** Source material follows **

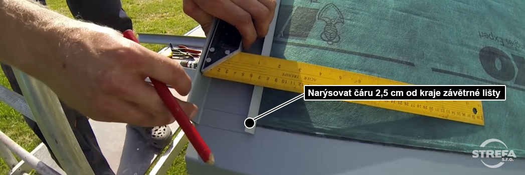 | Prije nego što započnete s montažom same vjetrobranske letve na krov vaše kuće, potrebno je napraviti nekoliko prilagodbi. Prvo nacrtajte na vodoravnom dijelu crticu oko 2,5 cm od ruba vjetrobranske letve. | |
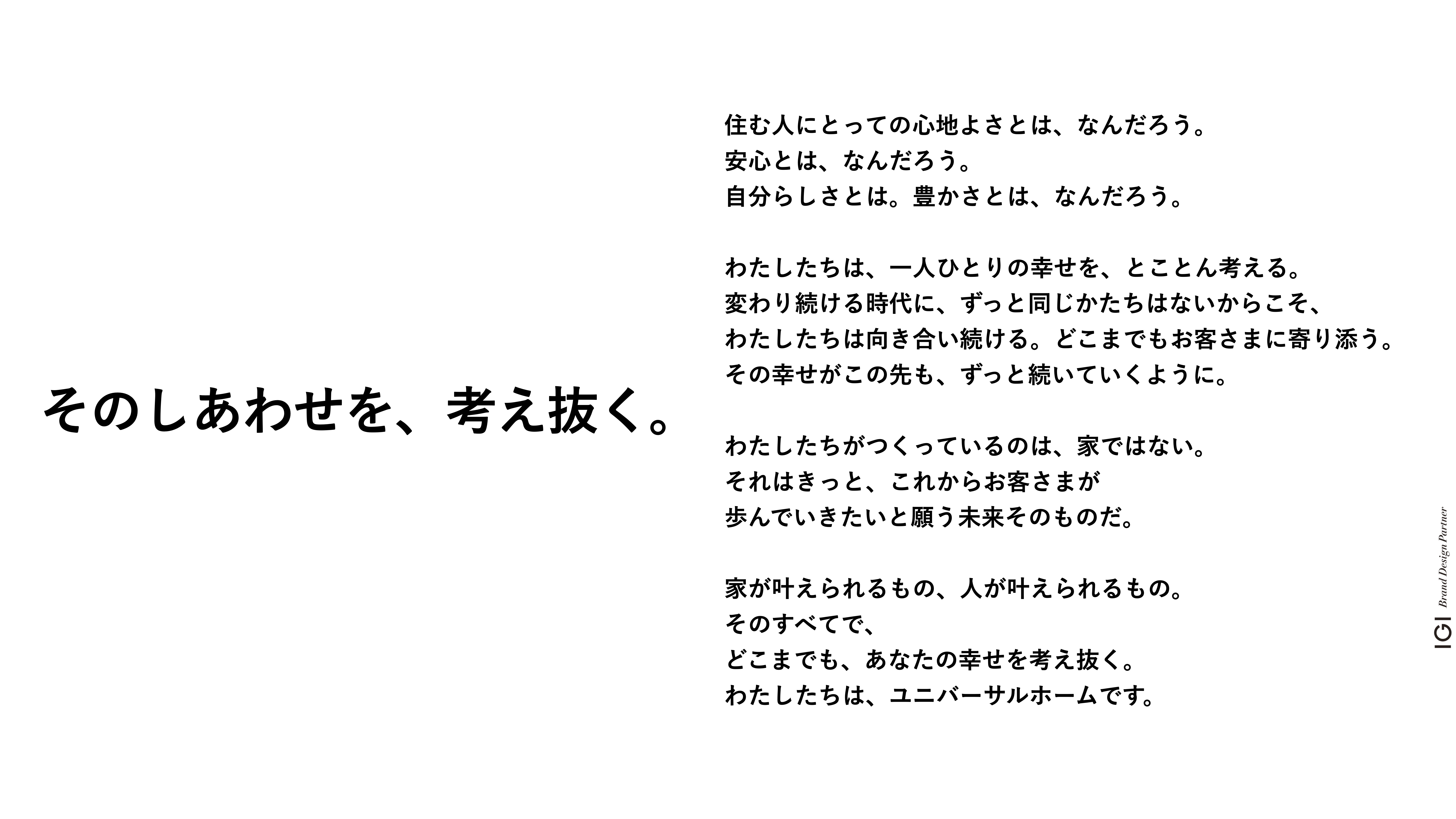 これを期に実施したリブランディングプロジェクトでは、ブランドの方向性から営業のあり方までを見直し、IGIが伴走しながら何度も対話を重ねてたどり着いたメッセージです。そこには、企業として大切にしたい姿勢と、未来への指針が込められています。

** End of Source material **
** Source material follows **

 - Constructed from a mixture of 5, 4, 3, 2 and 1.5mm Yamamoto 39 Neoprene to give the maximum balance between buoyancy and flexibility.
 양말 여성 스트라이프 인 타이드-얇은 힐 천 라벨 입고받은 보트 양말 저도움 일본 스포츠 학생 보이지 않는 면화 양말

** End of Source material **
** Source material follows **

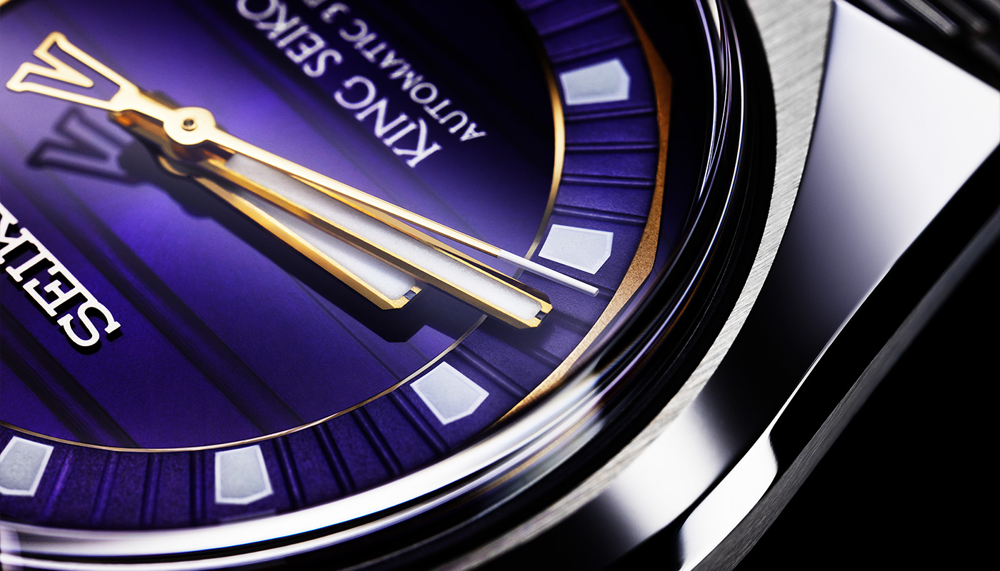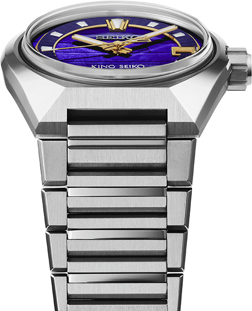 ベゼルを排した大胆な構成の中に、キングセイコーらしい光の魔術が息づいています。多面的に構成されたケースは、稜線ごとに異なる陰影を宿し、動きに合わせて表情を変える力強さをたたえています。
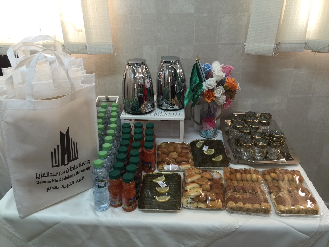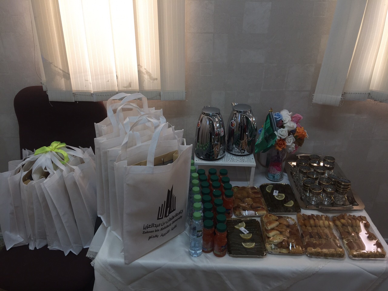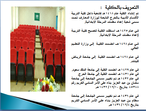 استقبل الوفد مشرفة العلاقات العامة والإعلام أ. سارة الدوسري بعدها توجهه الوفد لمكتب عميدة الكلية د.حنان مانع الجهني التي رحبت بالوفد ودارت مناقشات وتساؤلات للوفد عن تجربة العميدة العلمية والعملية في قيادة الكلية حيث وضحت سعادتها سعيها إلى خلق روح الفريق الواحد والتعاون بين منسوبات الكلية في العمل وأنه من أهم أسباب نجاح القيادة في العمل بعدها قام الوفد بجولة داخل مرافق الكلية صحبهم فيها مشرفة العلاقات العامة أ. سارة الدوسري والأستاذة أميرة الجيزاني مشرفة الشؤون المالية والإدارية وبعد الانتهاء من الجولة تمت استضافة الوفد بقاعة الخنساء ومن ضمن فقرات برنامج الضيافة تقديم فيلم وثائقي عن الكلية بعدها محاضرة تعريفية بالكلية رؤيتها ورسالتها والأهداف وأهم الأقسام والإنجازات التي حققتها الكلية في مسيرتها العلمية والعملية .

** End of Source material **

What this task involves »
Output exactly the lines of the listing above that start with the one holding "ベゼルを排した大胆な構成の中" and go on through the one holding "استقبل الوفد مشرفة"; leave the pictures out.

Response to this exercise »
 ベゼルを排した大胆な構成の中に、キングセイコーらしい光の魔術が息づいています。多面的に構成されたケースは、稜線ごとに異なる陰影を宿し、動きに合わせて表情を変える力強さをたたえています。
 استقبل الوفد مشرفة العلاقات العامة والإعلام أ. سارة الدوسري بعدها توجهه الوفد لمكتب عميدة الكلية د.حنان مانع الجهني التي رحبت بالوفد ودارت مناقشات وتساؤلات للوفد عن تجربة العميدة العلمية والعملية في قيادة الكلية حيث وضحت سعادتها سعيها إلى خلق روح الفريق الواحد والتعاون بين منسوبات الكلية في العمل وأنه من أهم أسباب نجاح القيادة في العمل بعدها قام الوفد بجولة داخل مرافق الكلية صحبهم فيها مشرفة العلاقات العامة أ. سارة الدوسري والأستاذة أميرة الجيزاني مشرفة الشؤون المالية والإدارية وبعد الانتهاء من الجولة تمت استضافة الوفد بقاعة الخنساء ومن ضمن فقرات برنامج الضيافة تقديم فيلم وثائقي عن الكلية بعدها محاضرة تعريفية بالكلية رؤيتها ورسالتها والأهداف وأهم الأقسام والإنجازات التي حققتها الكلية في مسيرتها العلمية والعملية .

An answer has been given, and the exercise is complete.